Cord Cutters News

An Estimated 25% of Households will Drop Pay-TV This Year

Cable TV has been steadily losing subscribers to streaming services for some time now, and it’s not expected to slow down. Newly revised projections show that 1 in 4 households plan to drop their pay-TV subscription in 2020, and nearly 40% of subscribers will drop service by 2025 That means 14 million U.S. broadband households are expected to drop traditional pay-TV packages.

These numbers come from The Diffusion Group, a syndicated research company. TDG analysts had previously forecasted US households with pay-TV subscriptions to fall in the 83.5 million to 87 million range by 2020, but the actual numbers are lower than that with pay-TV households falling to 81 million at the end of 2019.

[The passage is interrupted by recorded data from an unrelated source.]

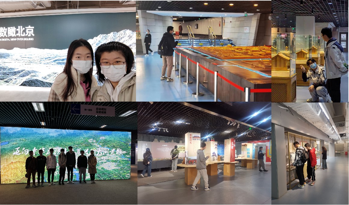 课前,带队老师向学生介绍了北京规划展览馆的基本情况,并提供了每层楼的参观“线索”。随后,学生们分为不同小组,以拍照打卡的形式参观了北京湾、城市脉络、北京一九四九等创意雕塑作品,以及“遇建·中轴——北京建筑大学师生建筑文化研究专题成果展”、“迈向中华民族伟大复兴的大国首都——《北京城市总体规划(2016年—2035年)》实施成果展”、“数瞰北京”测绘和空间大数据建设成果展、“新中国大工匠智慧——数字设计 科技冬奥”展等主题展览,还观看了《不朽之城》、《古都巨变》影片。丰富多样的形式让学生们对北京城市规划和建设有了更深入的认识。
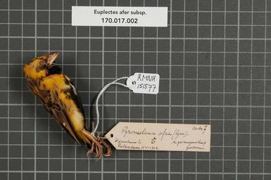 | Keywords: Naturalis Biodiversity Center - RMNH.AVES.151577 1 - Euplectes afer subsp. - Ploceidae - bird skin specimen.jpeg artwork Dimensions artwork Document type Ploceidae Euplectes Individual count 1 Infraspecific epithet subsp Infraspecific rank Institution Naturalis Kind of unit artwork Kind of unit specimen skin Life stage Medium artwork Nomenclatural code Occurrence ID page Other fields Other versions artwork Permission license Naturalis donation CC-0 Publication location Scientific name Euplectes afer subsp Scientific name authorship male Source url http //bioportal naturalis nl Specific epithet afer State or province Subject keywords artwork Subject keywords publication Title artwork Title publication Type status Uploaded with GWToolset Naturalis_Biodiversity_Center_-_RMNH AVES 151577_1_-_Euplectes_afer_subsp _-_Ploceidae_-_bird_skin_specimen http //medialib naturalis nl/file/id/RMNH AVES 151577_1/format/large Media donated by Naturalis Biodiversity Center Songbird specimens at Naturalis Biodiversity Center Euplectes afer Euplectes |
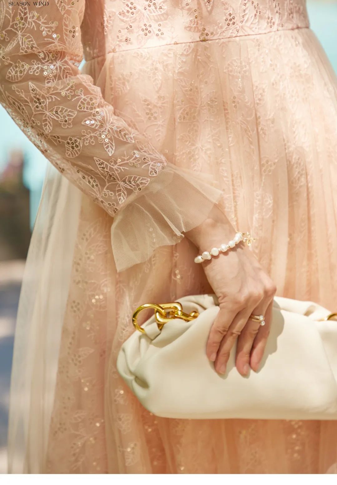 周末尾声,让带着金光闪闪的刺绣网纱收腰连衣裙,成为你约会、逛街的战衣;平时或许不适合穿得引人注目,但这是周末,高调张扬?都是那美的女神本人。
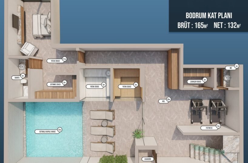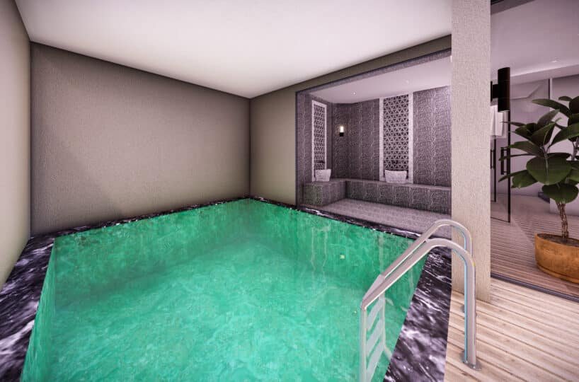 На первом этаже вы также найдете полностью оборудованный фитнес-центр, подогреваемый крытый бассейн, хаммам, сауну и прачечную, обеспечивая удовлетворение всех ваших потребностей. На этом же уровне находятся также спальня-сьют и дополнительная спальня, предоставляющие удобное размещение для гостей.
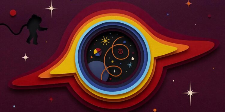 An artwork made my layering many paper cutouts, showing an astronaut near a black hole. Within the black hole are colourful swirls, stars and specks
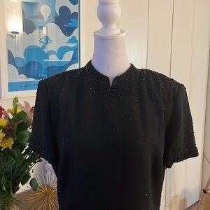Donna Morgan size 12 sequin mandarin neck sequin black button back dress
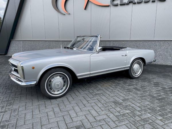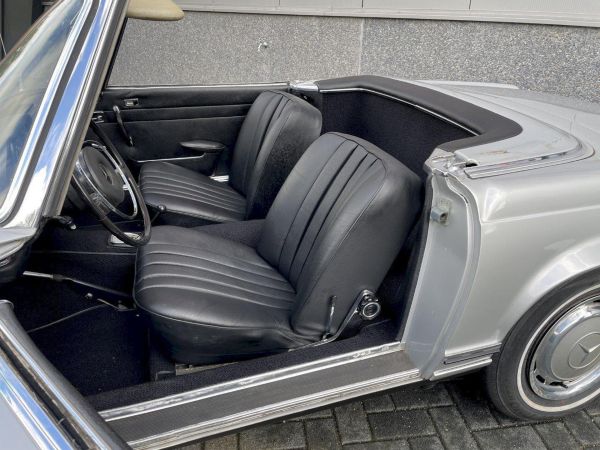 Hele leuke 280SL Pagode automatic Europese Versie, van origine in Italië uitgeleverd en daarna in de USA vertoefd, best een gezond exemplaar met een solide body, voorzien van Hardtop en Softtop met een zwart interieur, na een intensieve service beurt auto loopt en rijdt goed.
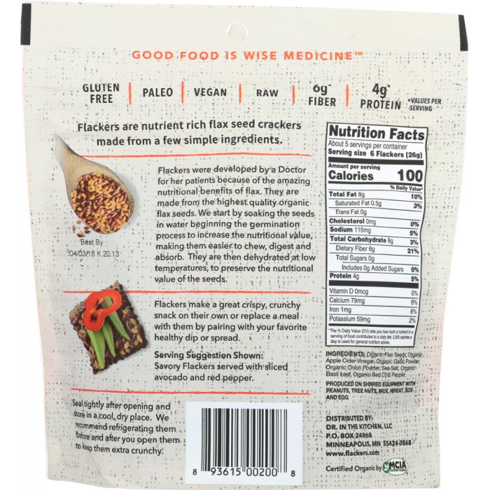 DOCTOR IN THE KITCHEN: Flackers Flax Seed Crackers Savory Garlic-Onion-Basil and Red Chile Pepper, 5 oz
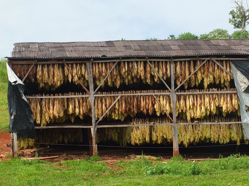 C’est la région du tabac, et ce doit être la fin de la saison car nous voyons de nombreux « séchoirs » de feuilles de tabac sur le chemin.

And it’s not just cable subscriptions that are falling short of TDG’s projections. Live streaming options like Fubo, Sling, YouTube TV, Philo, and others are also unexpectedly dwindling. It seems like consumers are less concerned with watching TV live as it happens and leaning more toward video-on-demand options.

“Our 2017 forecasts underestimated the growth in cord-cutting and overestimated the uptake of [online TV],” Michael Greeson, president and principal Analyst at TDG, said in a statement. “Beginning in 2007, our 5-year forecasts have been eerily accurate, but it was obvious that 2017 forecasts needed to be tweaked. We were within 5%, but at two years out versus five.”

This revised forecast of 25% of households cutting the cord in 2020 is a huge jump from the numbers in previous years. In 2015, just 16% of broadband customers were likely to drop their subscriptions. Now that number has jumped 56% in 2020 proving that cord-cutting is more popular than ever.